# Adria owners club



## 106464 (Aug 14, 2007)

Hello 
I would like to introduce clubadria the official owners club,i have a funny feeling that we may have meet one or two of you this weekend.
It does seem that most of you actually like your adria,if you could only get the spare parts sooner,i wish that adria would take this more seriously.We do apologise if we have left a leaflet on your windscreen, as we would rather have had the opportunity to speak to you in person.Unfortunately this is not always possible so we leave our leaflet.

MODERATORS NOTE:
Link and promotion removed by moderators.


----------



## LadyJ (May 9, 2005)

Hi clubadria,

In case you hadn't noticed we do all the show rallies on here maybe you would like to join us at one of them


Jacquie


----------



## RobMD (May 9, 2005)

Hi Club Adria!

Were you the Adria parked up next to us at the Western Show???

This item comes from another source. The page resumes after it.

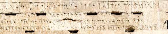 La parte superiore è costituita da un attico sul quale era l’iscrizione dedicatoria, privo dei gruppi statuari che dovevano decorarne la sommità e oggi scomparsi. I numerosi fori visibili sulla superficie del monumento sono dovuti al prelievo – avvenuto già in epoca antica – delle grappe metalliche che tenevano uniti i blocchi. Pure strappate sono le lettere in bronzo dell’iscrizione dell’attico, che quindi si presenta leggibile soltanto attraverso la posizione dei fori di fissaggio delle lettere e delle incisioni di guida per le lettere stesse.

If it was, I hope you had a good time there - you should have joined in with our lot!!!


----------



## gaspode (May 9, 2005)

Hi clubadria

Unfortunately I've had to remove your link and text promoting another club as it's against the forum rules.

As LadyJ says, we do organise show rally sections here at MHF so we naturally prefer MHF members to camp with us. Feel free to join us at the next rally, you'll be made very welcome.


----------



## 106464 (Aug 14, 2007)

RobMD said:


> Hi Club Adria!
> 
> Were you the Adria parked up next to us at the Western Show???
> 
> If it was, I hope you had a good time there - you should have joined in with our lot!!!


Hi Rob
Unsure we have a old caravan and a six year old son.


----------